INSTRUCTIONS TO FOLLOW ▸
Your output should be everything below from the line containing "This 1928 built" down to the line containing "Госдепартамент США в", both ends included, copied exactly, with pictures left out.

SUPPLIED ENTRIES ▸
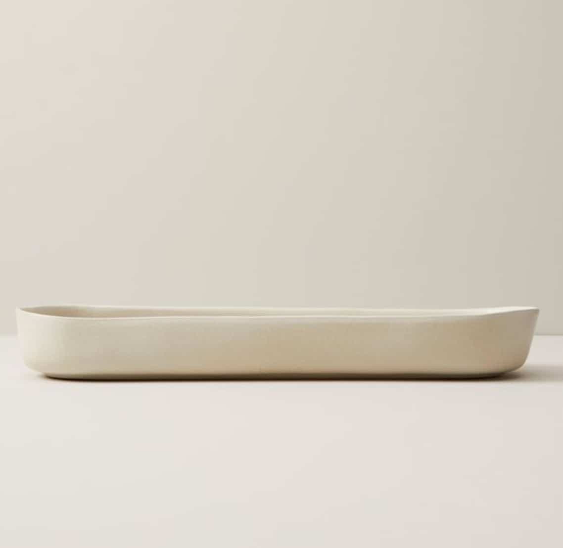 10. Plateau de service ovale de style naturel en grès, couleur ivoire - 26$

--

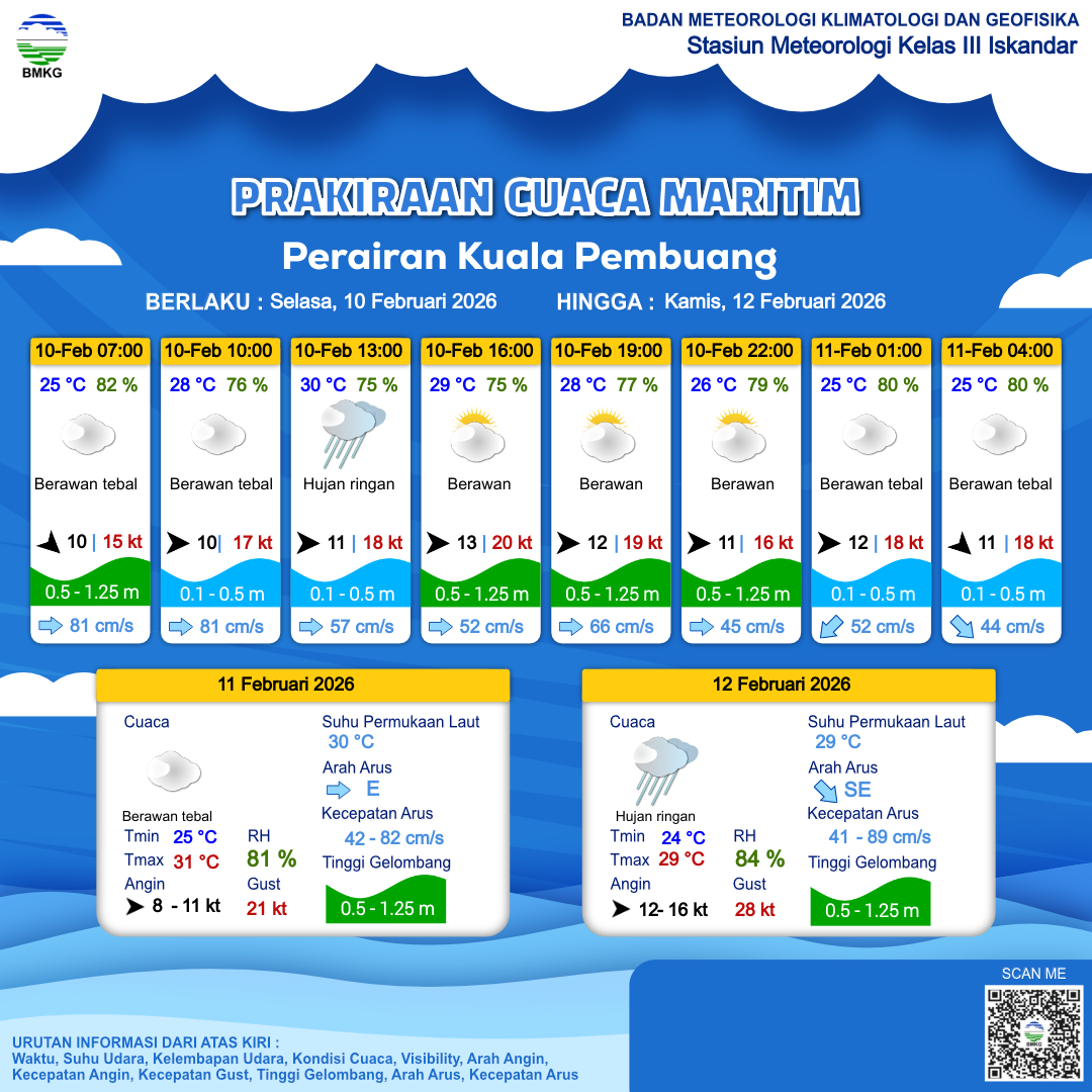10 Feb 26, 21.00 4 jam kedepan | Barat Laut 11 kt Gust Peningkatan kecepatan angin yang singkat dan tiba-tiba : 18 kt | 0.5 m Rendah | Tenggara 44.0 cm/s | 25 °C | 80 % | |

---

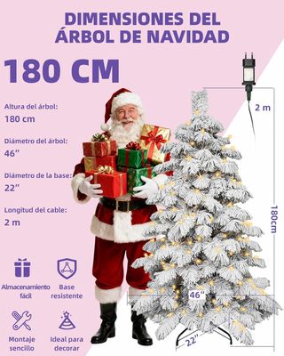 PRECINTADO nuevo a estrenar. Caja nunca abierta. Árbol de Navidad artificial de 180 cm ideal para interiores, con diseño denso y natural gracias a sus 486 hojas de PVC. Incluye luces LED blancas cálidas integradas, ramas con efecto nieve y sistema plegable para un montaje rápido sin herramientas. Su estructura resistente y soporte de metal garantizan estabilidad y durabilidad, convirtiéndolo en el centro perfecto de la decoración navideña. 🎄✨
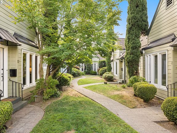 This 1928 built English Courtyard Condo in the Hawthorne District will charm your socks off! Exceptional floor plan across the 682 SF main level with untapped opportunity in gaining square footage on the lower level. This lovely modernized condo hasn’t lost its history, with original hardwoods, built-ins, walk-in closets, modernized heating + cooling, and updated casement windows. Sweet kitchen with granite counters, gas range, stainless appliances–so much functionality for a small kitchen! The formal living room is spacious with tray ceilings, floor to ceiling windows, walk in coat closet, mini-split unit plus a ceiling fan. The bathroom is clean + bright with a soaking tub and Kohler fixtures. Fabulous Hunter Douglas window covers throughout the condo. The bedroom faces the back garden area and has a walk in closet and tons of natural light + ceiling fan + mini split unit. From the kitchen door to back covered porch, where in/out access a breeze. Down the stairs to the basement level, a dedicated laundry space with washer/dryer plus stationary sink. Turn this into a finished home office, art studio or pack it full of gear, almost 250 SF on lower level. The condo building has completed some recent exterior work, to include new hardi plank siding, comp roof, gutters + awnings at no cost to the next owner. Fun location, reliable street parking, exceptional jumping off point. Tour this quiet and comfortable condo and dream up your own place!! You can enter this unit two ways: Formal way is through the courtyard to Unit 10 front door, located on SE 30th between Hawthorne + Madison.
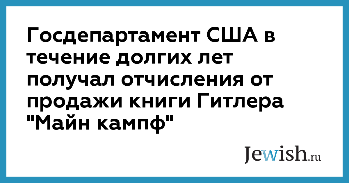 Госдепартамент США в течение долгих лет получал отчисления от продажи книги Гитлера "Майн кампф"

OUTPUT BELOW ▸
 This 1928 built English Courtyard Condo in the Hawthorne District will charm your socks off! Exceptional floor plan across the 682 SF main level with untapped opportunity in gaining square footage on the lower level. This lovely modernized condo hasn’t lost its history, with original hardwoods, built-ins, walk-in closets, modernized heating + cooling, and updated casement windows. Sweet kitchen with granite counters, gas range, stainless appliances–so much functionality for a small kitchen! The formal living room is spacious with tray ceilings, floor to ceiling windows, walk in coat closet, mini-split unit plus a ceiling fan. The bathroom is clean + bright with a soaking tub and Kohler fixtures. Fabulous Hunter Douglas window covers throughout the condo. The bedroom faces the back garden area and has a walk in closet and tons of natural light + ceiling fan + mini split unit. From the kitchen door to back covered porch, where in/out access a breeze. Down the stairs to the basement level, a dedicated laundry space with washer/dryer plus stationary sink. Turn this into a finished home office, art studio or pack it full of gear, almost 250 SF on lower level. The condo building has completed some recent exterior work, to include new hardi plank siding, comp roof, gutters + awnings at no cost to the next owner. Fun location, reliable street parking, exceptional jumping off point. Tour this quiet and comfortable condo and dream up your own place!! You can enter this unit two ways: Formal way is through the courtyard to Unit 10 front door, located on SE 30th between Hawthorne + Madison.
 Госдепартамент США в течение долгих лет получал отчисления от продажи книги Гитлера "Майн кампф"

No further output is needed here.